◆ Provided data:
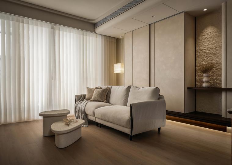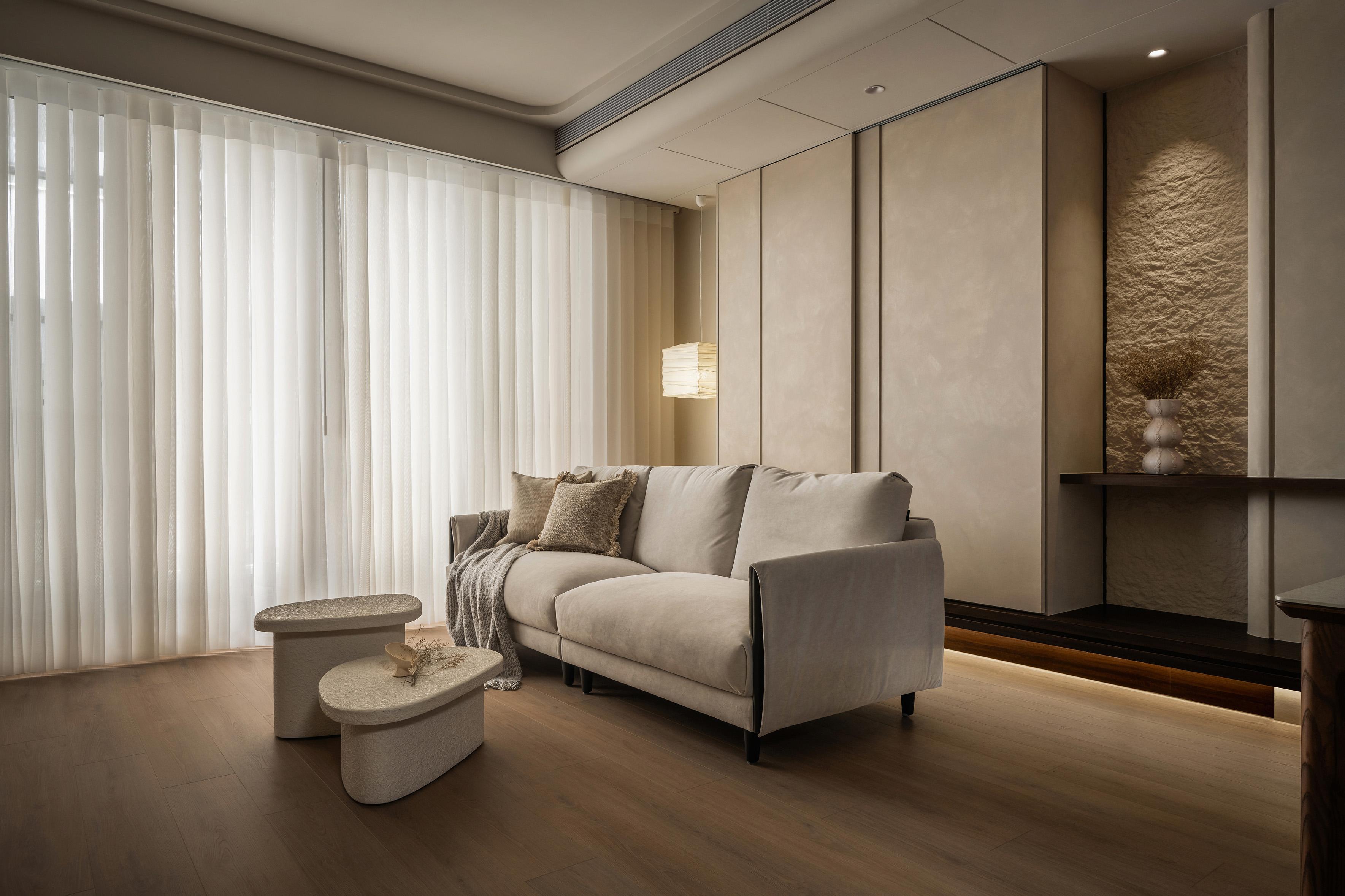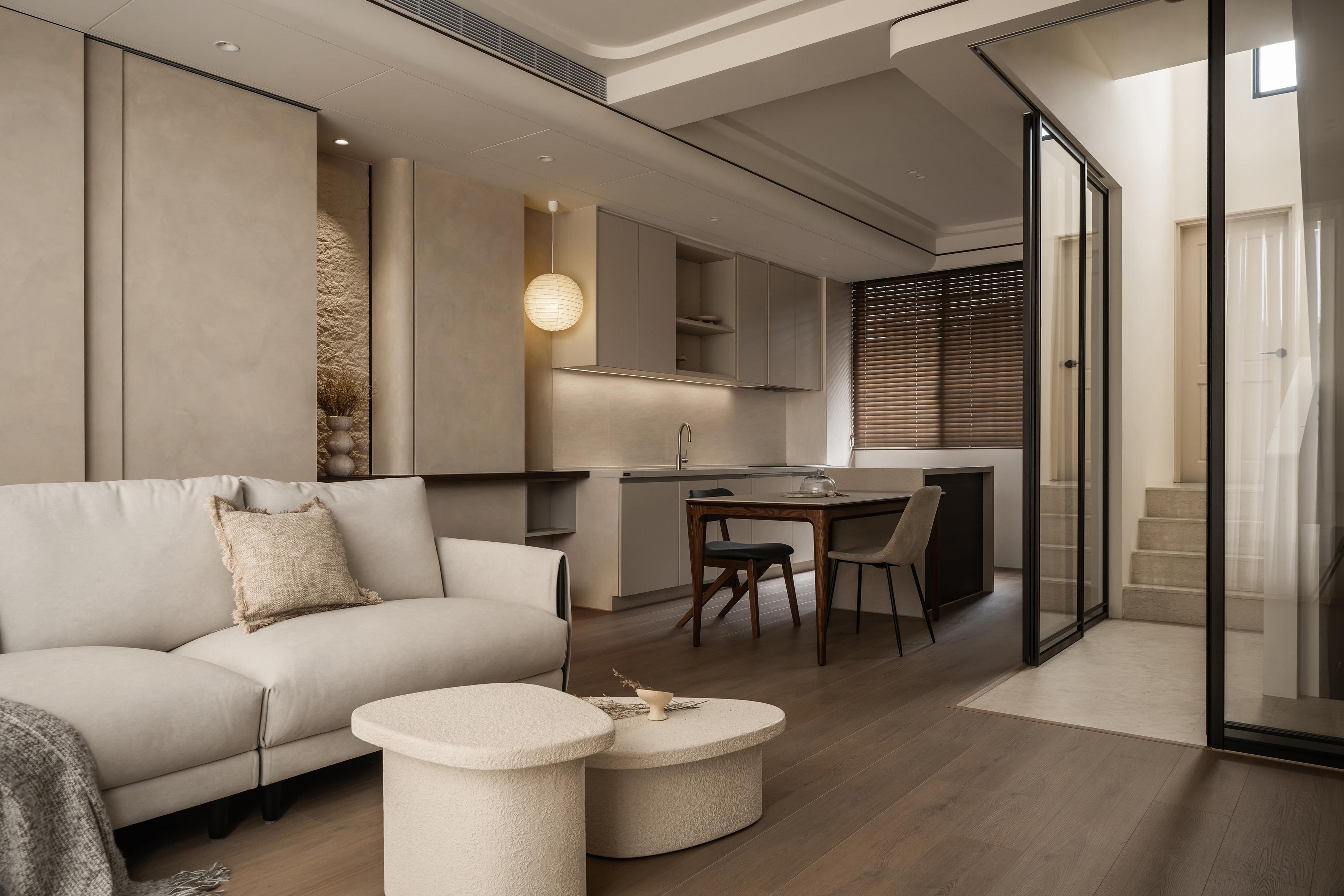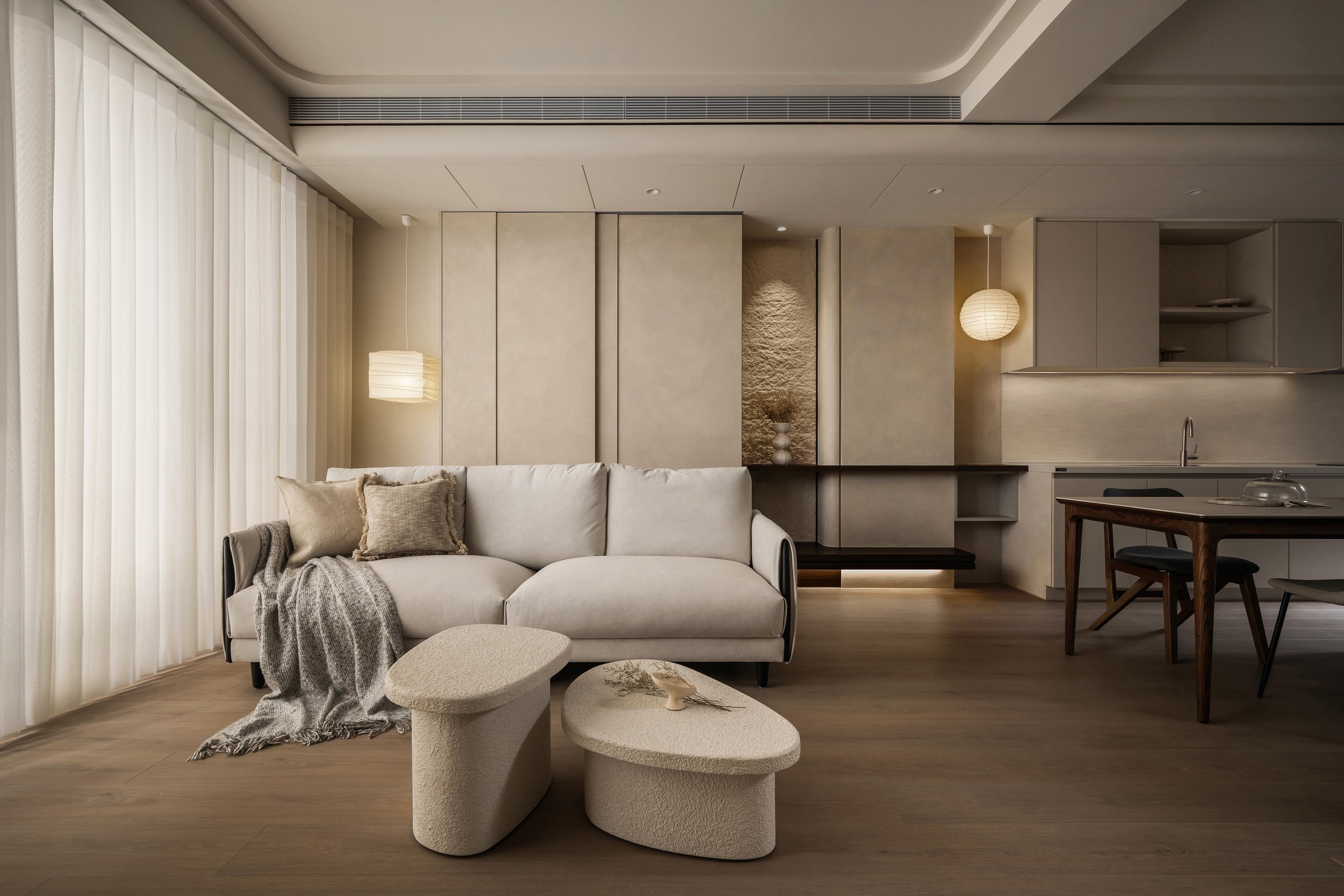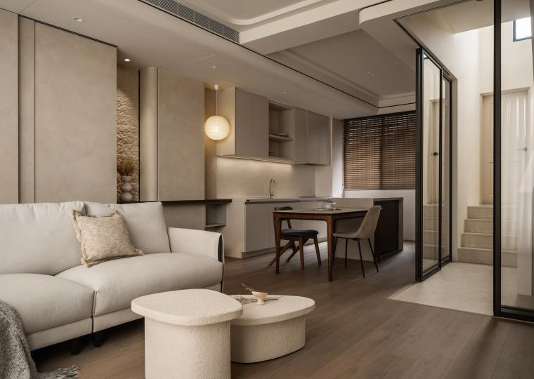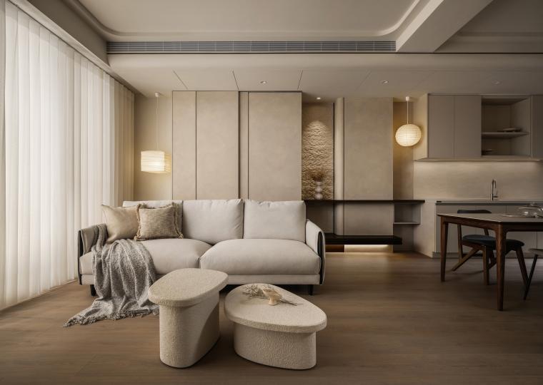 本案以暖色調打造主要生活空間,搭配實木層板及深色木皮形塑空間層次感。
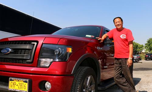 徐军开着这辆福特卡车放飞鸽子、购买巴士零件。 (本文图均为侨报记者苏夏竹摄)
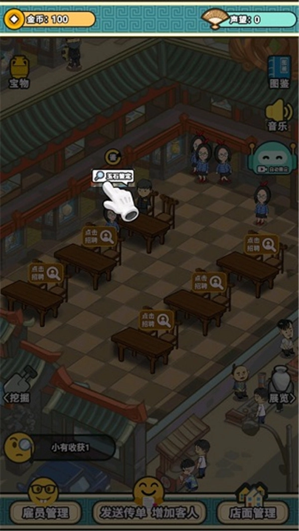 3、招聘能力各异的鉴定员工,提高店铺声望与人气。

◆ Work request: Copy verbatim the span that begins at the line containing "徐军开着这辆福特卡车放飞鸽子、购买巴士零件。 (本文图均为侨报记者苏夏竹摄)" and ends at the last line of the material, inclusive of both; exclude pictures.

◆ Response to the exercise:
 徐军开着这辆福特卡车放飞鸽子、购买巴士零件。 (本文图均为侨报记者苏夏竹摄)
 3、招聘能力各异的鉴定员工,提高店铺声望与人气。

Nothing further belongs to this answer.